Ехать на осле по направлению к его стойлу — совсем не то, что ехать по направлению от стойла. В одном случае требуются незаурядная находчивость и присутствие духа, чтобы вовремя предупреждать неожиданные взлеты изменчивой ослиной фантазии, в другом же — ваше дело только сидеть в седле, слепо доверившись животному. Именно такую систему избрал мистер Симон Тагс на обратном пути, и его нервы на этот раз совершенно не пострадали, так что когда уговаривались встретиться вечером всей компанией в курзале, это сразу же дошло до его понимания.
Курзал был полон пароду.
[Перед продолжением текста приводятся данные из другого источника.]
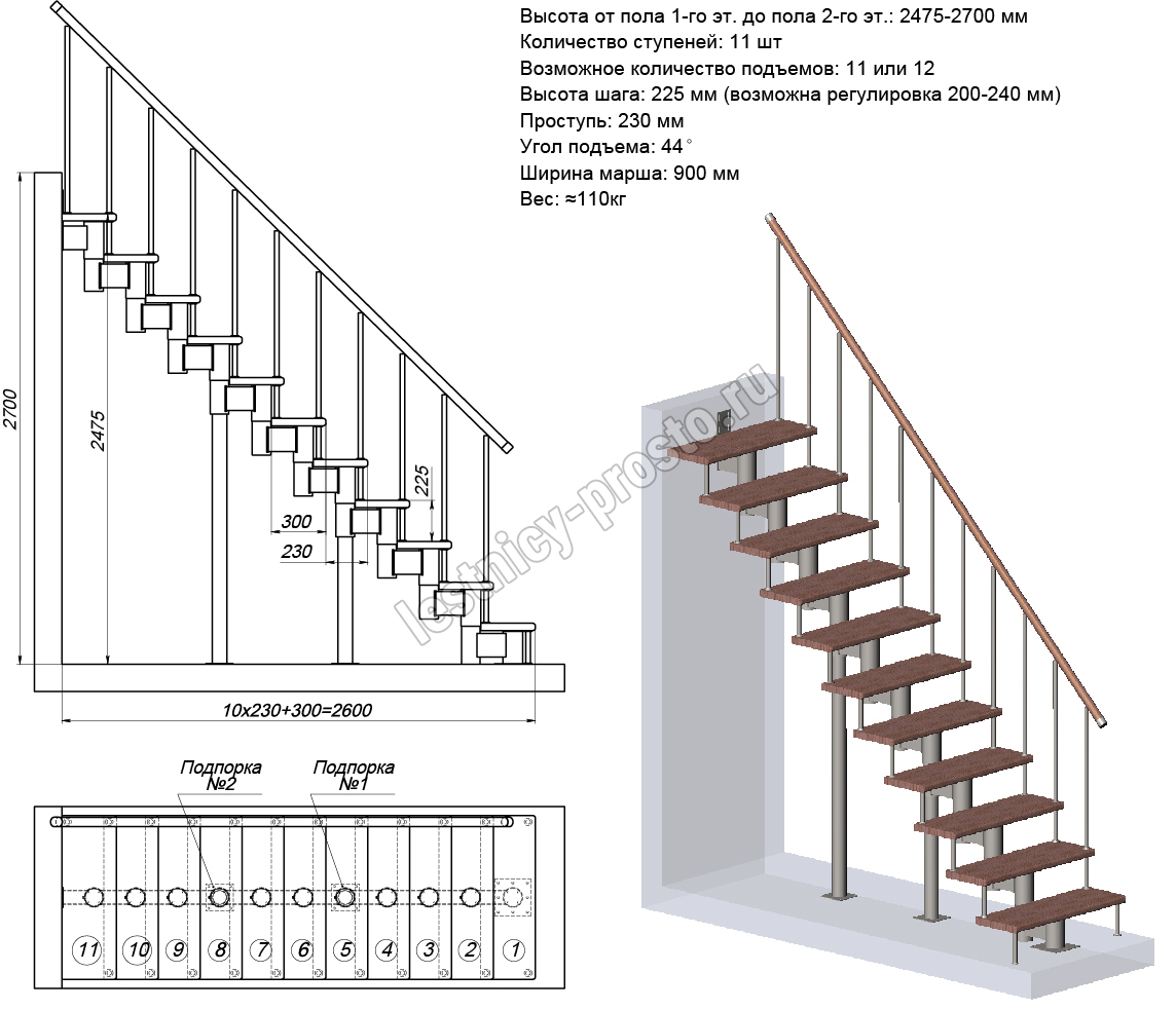 Универсальная, модульная лестница позволяет при сборке регулировать высоту шага в диапазоне  200 - 240 мм.
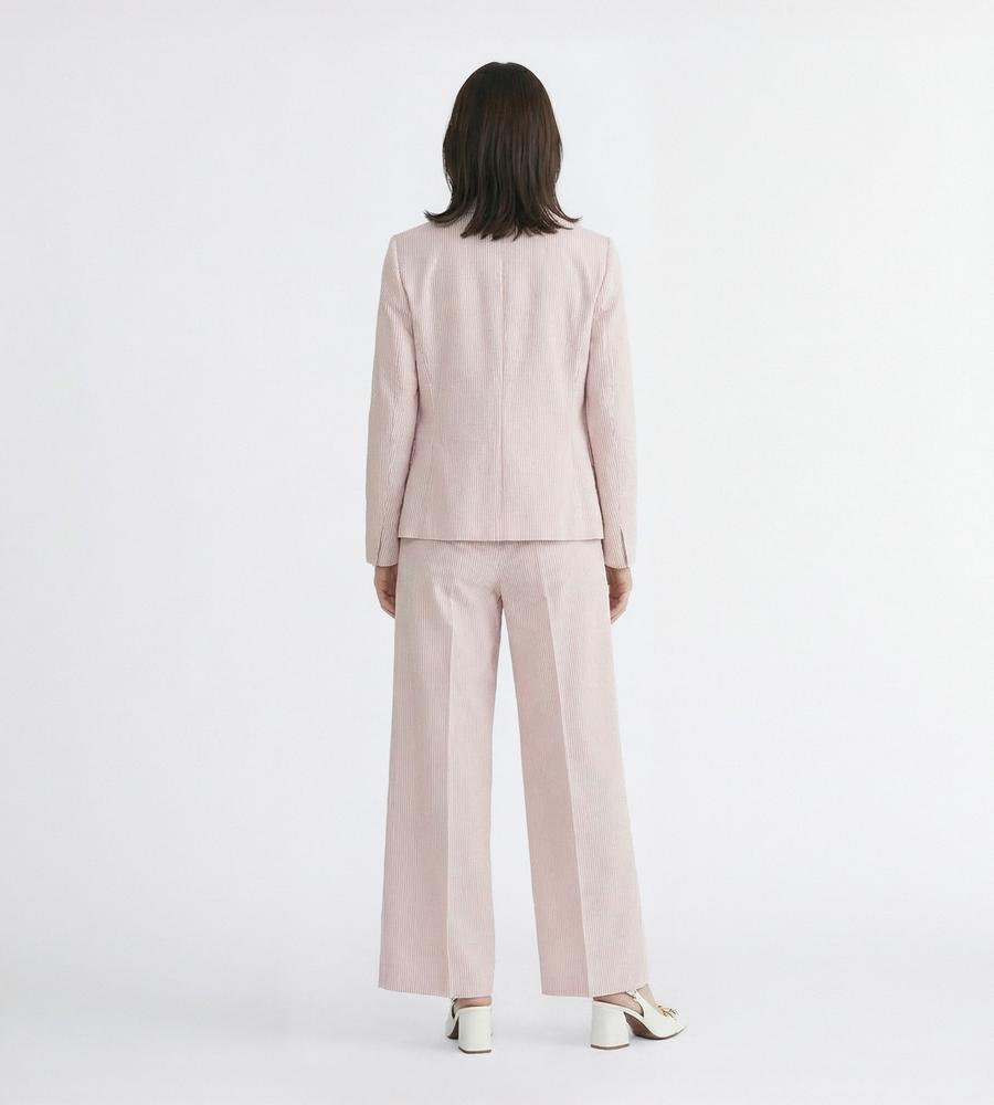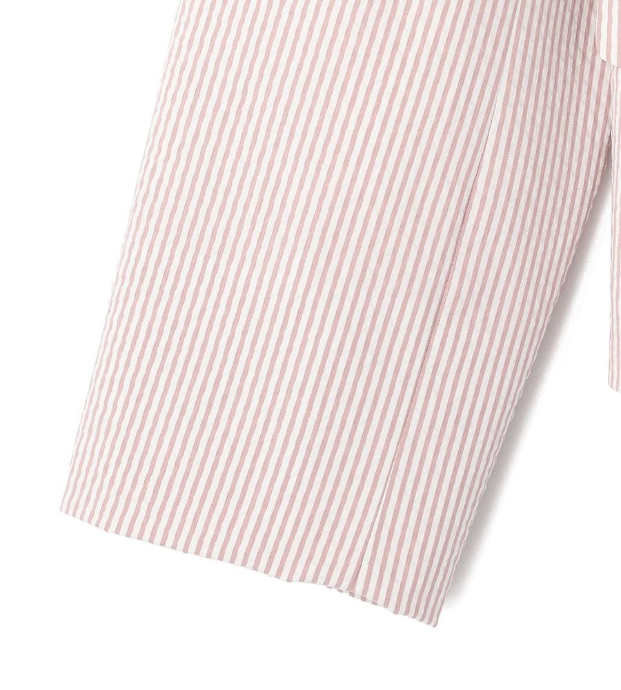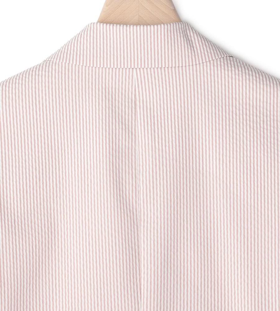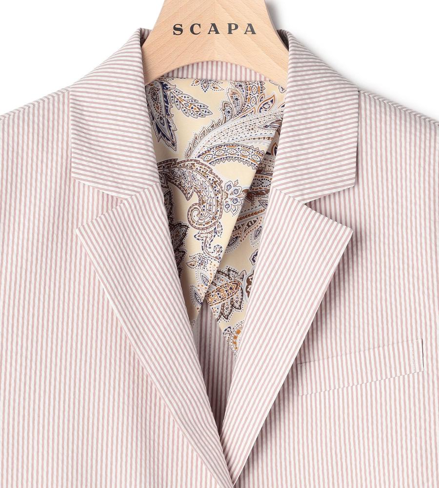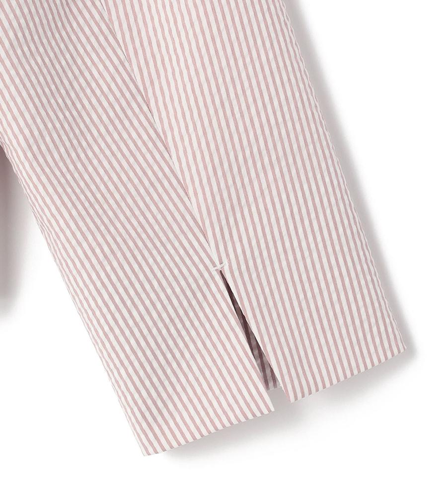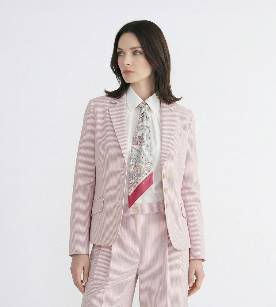 爽やかなスタイリングがかなう、これからの季節にぴったりなサッカーストライプ柄のジャケットです。ウエストを絞ったシルエットで女性らしさをプラス、袖は折り返しても着られるデザインに仕上げました。手持ちのアイテムとはもちろん、同柄のワンピースやパンツとセットでそろえるのもおすすめです。

Во всех залах играли, танцевали, любезничали. Тут были те же дамы и господа, что утром толпились на взморье, а вчера днем — на молу. Были барышни в палевых платьях, с черными бархатками на запястьях, продававшие безделушки в киосках и ведавшие лотереей. Были дочки на выданье и мамаши, торопившиеся пристроить дочек. Были красавцы в злодейских усах и красавцы в поэтических бакенбардах. Была миссис Тагс в желтом, мисс Тагс в небесно-голубом и миссис Уотерс в розовом. Был капитан Уотерс в венгерке со шнурами, мистер Симон Тагс в бальных туфлях и золотистом жилете, а также мистер Джозеф Тагс в синем сюртуке и плоеной манишке.
— Номер третий, восьмой и одиннадцатый! — выкрикнула одна из барышень в палевом.
— Номер третий, восьмой и одиннадцатый! — как эхо, повторила другая, облаченная в тот же мундир.
— Номер третий взят, — сказала первая барышня. — Номер восьмой и одиннадцатый.
— Номер восьмой и одиннадцатый, — повторила вторая.
— Номер восьмой взят, Мэгги, — сказала первая барышня.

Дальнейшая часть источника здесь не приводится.